Exactly the lines from the one containing "Fig 3. Results" through the end of the data, and nothing more, should be retyped; pictures stay out.

Data listing:
.....

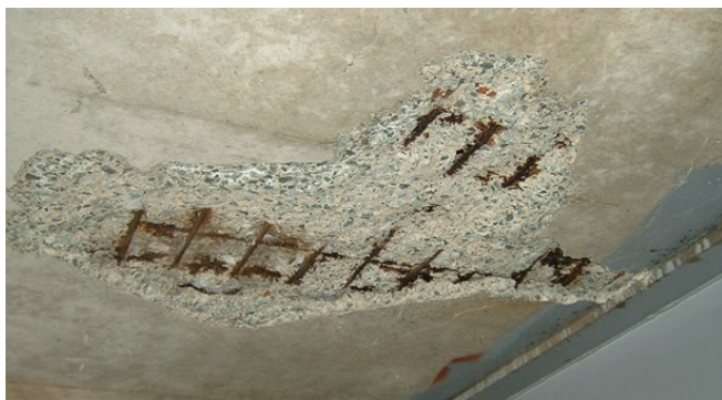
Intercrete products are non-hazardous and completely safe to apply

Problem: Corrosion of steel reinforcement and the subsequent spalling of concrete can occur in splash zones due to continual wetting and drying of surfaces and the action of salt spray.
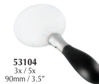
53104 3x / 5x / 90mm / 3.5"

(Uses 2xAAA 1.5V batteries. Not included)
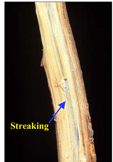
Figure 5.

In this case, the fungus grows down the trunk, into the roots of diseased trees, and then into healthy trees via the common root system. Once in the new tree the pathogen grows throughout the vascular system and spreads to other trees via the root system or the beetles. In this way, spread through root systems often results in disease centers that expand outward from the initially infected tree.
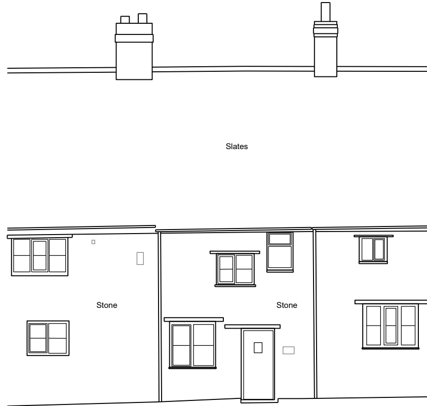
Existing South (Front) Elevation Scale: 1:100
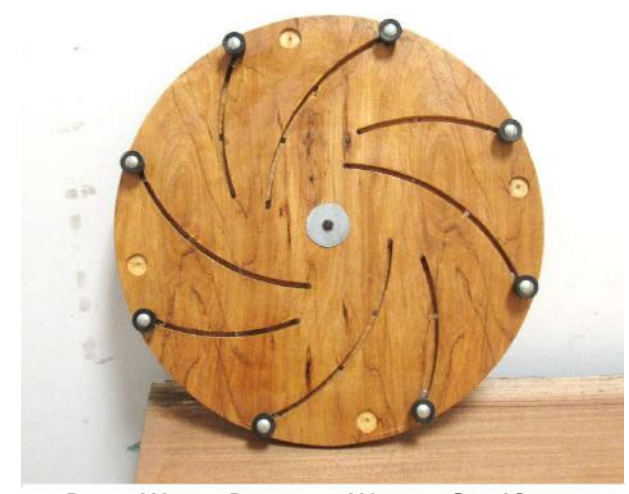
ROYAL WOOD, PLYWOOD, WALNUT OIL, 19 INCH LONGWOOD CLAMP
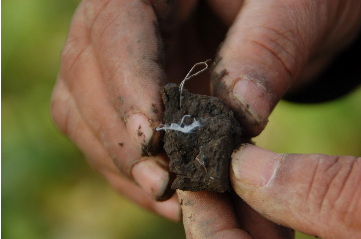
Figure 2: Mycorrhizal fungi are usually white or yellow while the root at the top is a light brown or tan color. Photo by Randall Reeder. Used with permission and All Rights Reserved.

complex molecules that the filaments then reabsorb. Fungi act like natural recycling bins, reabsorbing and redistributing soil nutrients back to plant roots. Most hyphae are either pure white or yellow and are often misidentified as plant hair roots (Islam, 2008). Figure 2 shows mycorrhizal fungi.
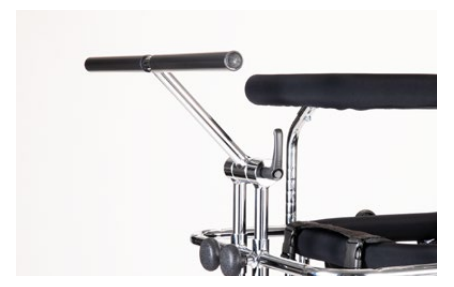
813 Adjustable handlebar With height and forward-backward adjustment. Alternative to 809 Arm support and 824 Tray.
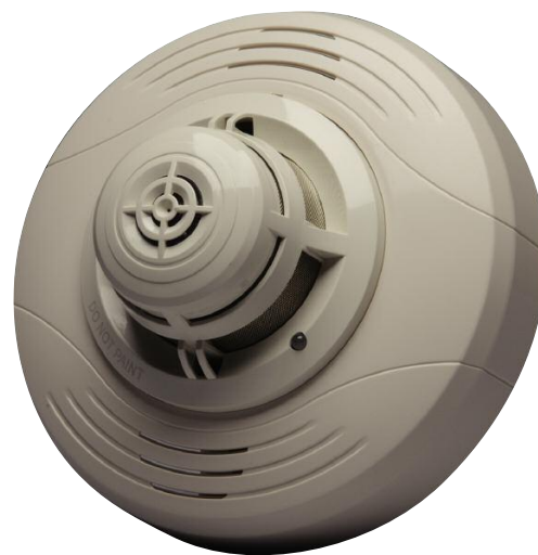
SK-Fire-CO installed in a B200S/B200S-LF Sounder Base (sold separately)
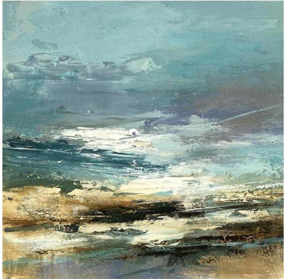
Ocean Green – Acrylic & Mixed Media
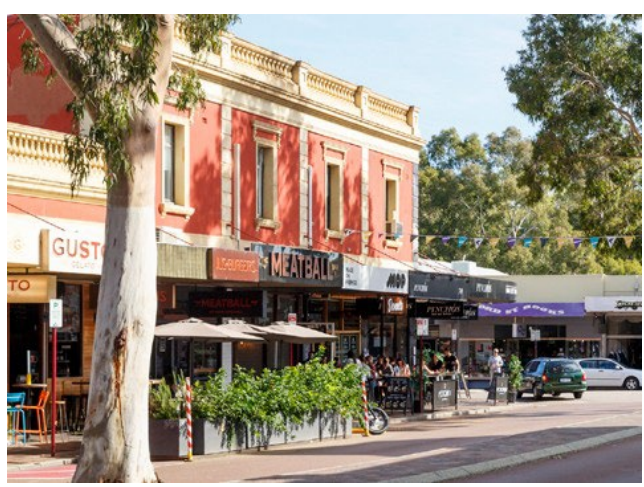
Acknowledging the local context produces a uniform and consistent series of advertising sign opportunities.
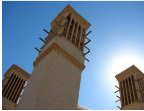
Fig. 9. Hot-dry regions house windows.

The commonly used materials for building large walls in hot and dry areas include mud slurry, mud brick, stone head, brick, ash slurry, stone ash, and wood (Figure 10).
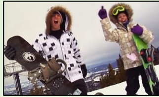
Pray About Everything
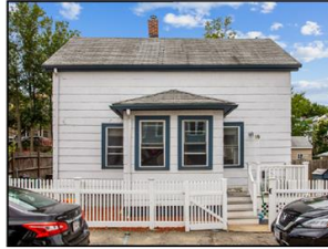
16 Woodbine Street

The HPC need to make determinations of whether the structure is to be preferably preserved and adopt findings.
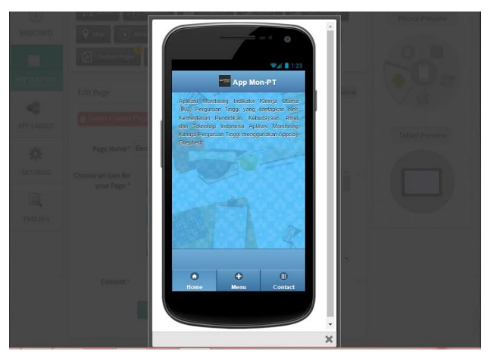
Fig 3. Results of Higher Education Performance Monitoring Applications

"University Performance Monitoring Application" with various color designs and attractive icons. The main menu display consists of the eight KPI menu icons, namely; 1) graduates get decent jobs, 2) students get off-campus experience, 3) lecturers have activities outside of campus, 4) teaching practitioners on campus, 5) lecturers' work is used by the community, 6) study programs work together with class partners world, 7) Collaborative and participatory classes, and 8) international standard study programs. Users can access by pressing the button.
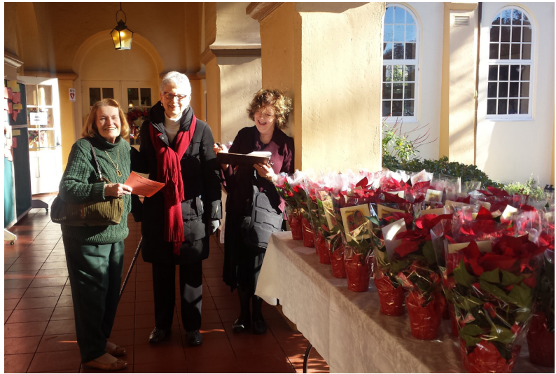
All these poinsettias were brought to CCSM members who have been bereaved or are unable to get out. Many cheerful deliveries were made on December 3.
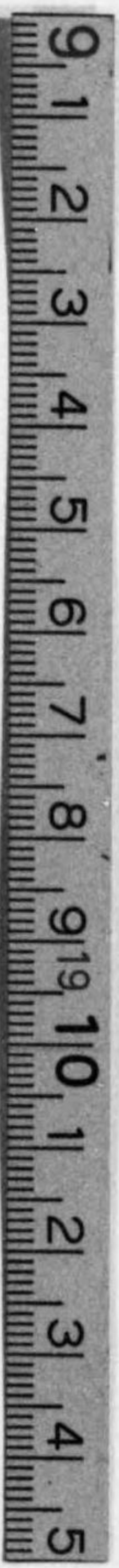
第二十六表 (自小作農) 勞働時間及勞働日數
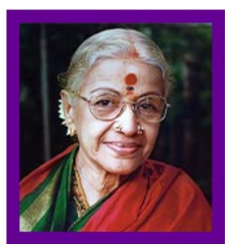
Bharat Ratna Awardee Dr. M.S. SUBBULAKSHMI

.....

Result of the exercise:
Fig 3. Results of Higher Education Performance Monitoring Applications

"University Performance Monitoring Application" with various color designs and attractive icons. The main menu display consists of the eight KPI menu icons, namely; 1) graduates get decent jobs, 2) students get off-campus experience, 3) lecturers have activities outside of campus, 4) teaching practitioners on campus, 5) lecturers' work is used by the community, 6) study programs work together with class partners world, 7) Collaborative and participatory classes, and 8) international standard study programs. Users can access by pressing the button.
All these poinsettias were brought to CCSM members who have been bereaved or are unable to get out. Many cheerful deliveries were made on December 3.
第二十六表 (自小作農) 勞働時間及勞働日數
Bharat Ratna Awardee Dr. M.S. SUBBULAKSHMI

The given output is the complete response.